Try to be crystal clear from the start what you have to achieve.
Try to finalize the scope with client. The Sloppiest part; to be rigid with the scope aspect, tries to make the stuff in black in white. (Still client say is the veto, but at least you can restrict him to some boundaries).
Person Responsible for scope:-
Dedicatedly assign a person for scope management, mere it a project manager or a business consultant or any person in charge. But his say should be considered as full and final and he should be the only accountable person for scope as well. He should have been given the powers to say Yes or No to the client, irrespective of any pressure from higher ups.
Centralized Scope management document:-
There should be a centralized location where all documents should be kept. Scope document should be under a version control system (e.g. SVN) to log the changes, rather than creating copies of document.
It’s nearly impossible for client to visualize all, what you have documented. His thinking will start once you deliver the project. So it’s better to create wireframe for the application you are going to create.
Create a realistic deadline:-
Once you know your entire requirements, try to break up all in small tasks. The more specific you are; more on target you will be. Don’t be ashamed to consult the person, doing the job, for estimation.
“Nobody can go back and start a new beginning, but anyone can start today and make a new ending.”
“If you start soon enough, you won’t have to run to catch up.”
Once you start up you will find certain thing, for sure, that you might have or haven’t planned for.

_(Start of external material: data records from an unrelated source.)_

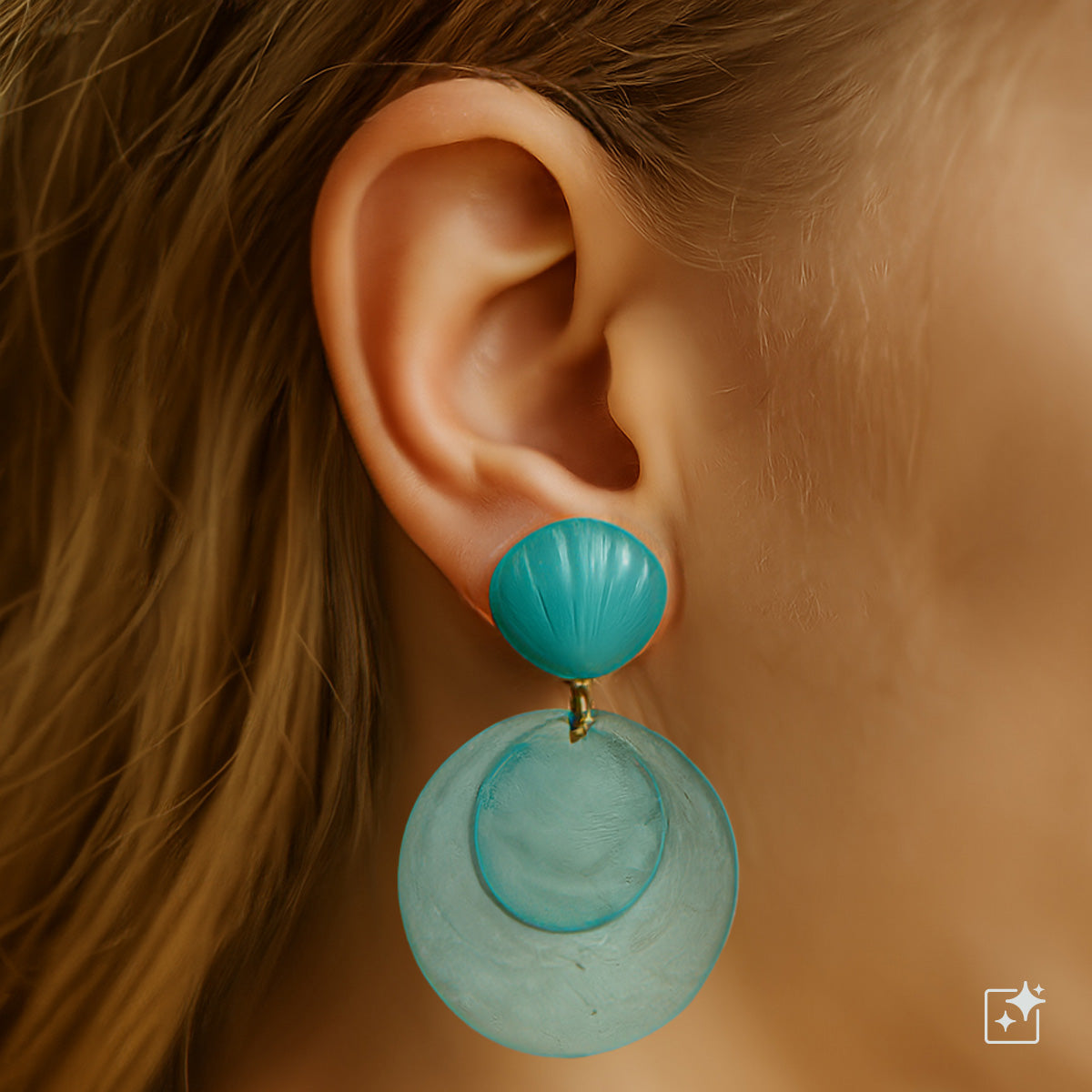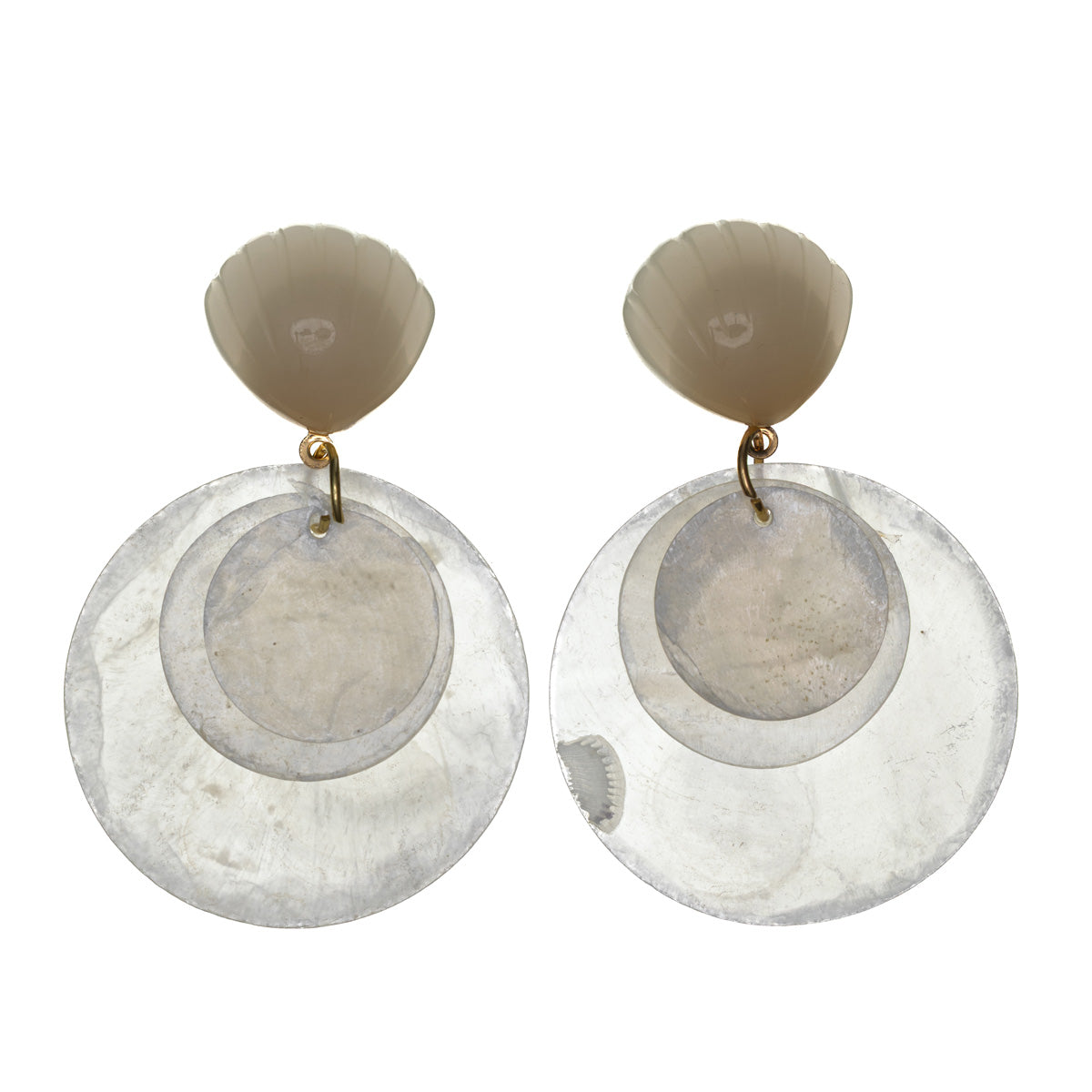 Tre hockeyklubbor i olika storlekar från snäckskal som hänger från ett plastskal. Det vackra sommarörhänget är lätt och pråligt. Det här örhänget väcker minnen av sommar och sandstränder.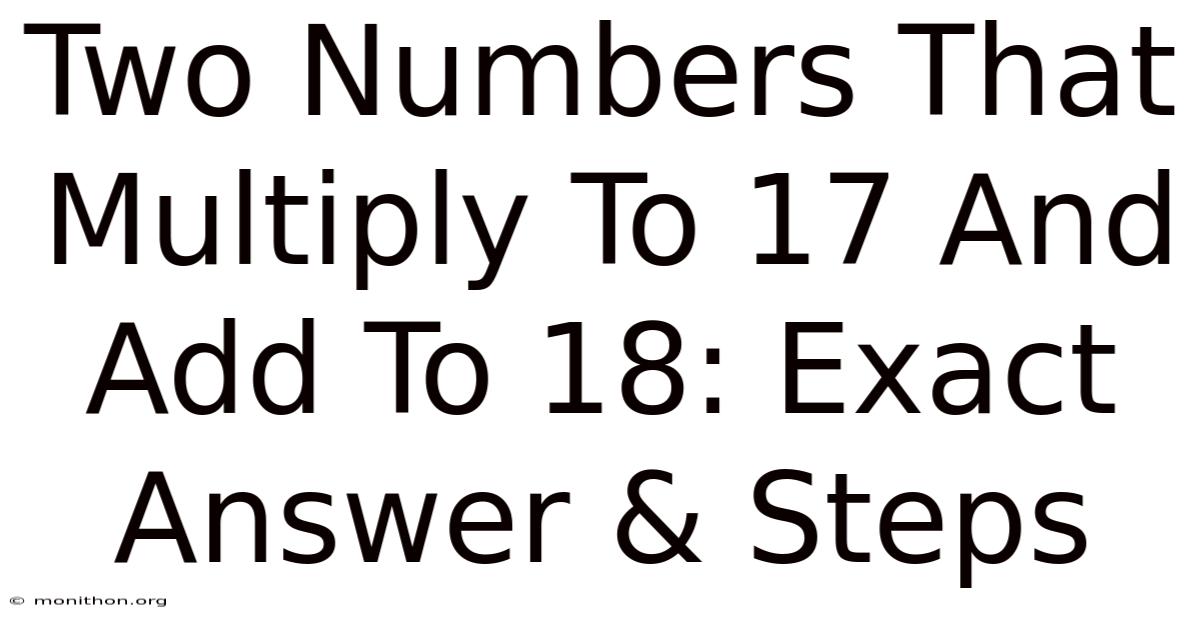 At first glance, it feels like a trick question. But that pair adds up to 18, so it does work! 17 is a prime number, so you might assume the only integer pair that multiplies to 17 is (1, 17). The puzzle becomes more interesting when you consider non‑integer solutions or think about the general method for any product and sum.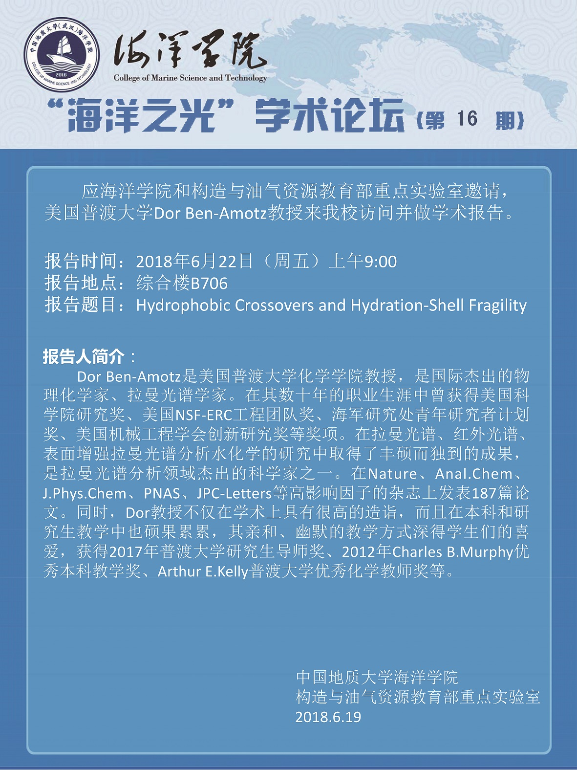 “海洋之光”学术论坛(第16期)—— Dor Ben-Amotz教授
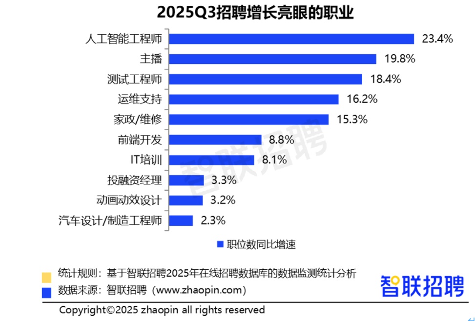 智联招聘2025年第三季度招聘数据显示,人工智能工程师的招聘需求同比增速达到23.4%;主播的需求增速也高达19.8%。

Once you proceed with the project, you clients mind will start working and he will come up with new changes and requirement, try to analyze the impact of each and every possible change. For each and every change your immediate response should be “NO”. Then use negotiation to turn this “NO” to “YES”. Any big change should never be allowed in middle of the project, it will surely spoil you whole project and waste your time, effort and money.
Changes should be incorporate in any future release.